Task directions
Further down are entries; set down exactly and only the lines from the one with "El proceso de" up to and including the one with "reconocida como el", dropping each picture.
[Entries provided Boundary: Start]
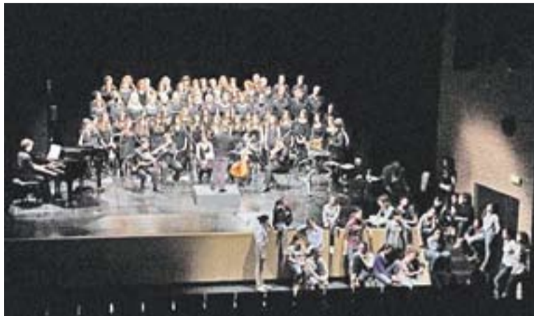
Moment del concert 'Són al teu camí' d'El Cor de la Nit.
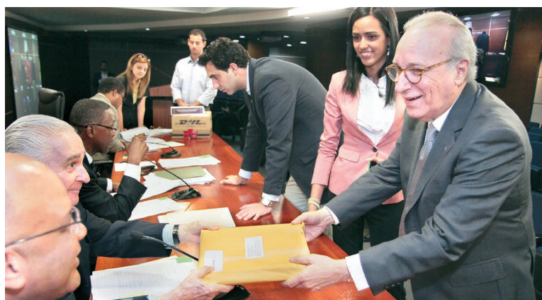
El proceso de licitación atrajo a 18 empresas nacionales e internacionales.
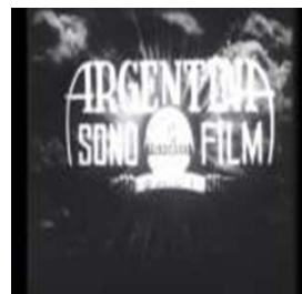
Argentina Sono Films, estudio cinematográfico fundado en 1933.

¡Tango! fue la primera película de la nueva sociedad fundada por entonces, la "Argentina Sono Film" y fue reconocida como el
[Entries provided Boundary: End]
[Entries provided Boundary: Start]
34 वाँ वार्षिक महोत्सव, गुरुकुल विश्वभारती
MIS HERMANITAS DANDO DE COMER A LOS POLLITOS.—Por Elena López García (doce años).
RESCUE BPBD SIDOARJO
[Entries provided Boundary: End]
Answer area
El proceso de licitación atrajo a 18 empresas nacionales e internacionales.
Argentina Sono Films, estudio cinematográfico fundado en 1933.

¡Tango! fue la primera película de la nueva sociedad fundada por entonces, la "Argentina Sono Film" y fue reconocida como el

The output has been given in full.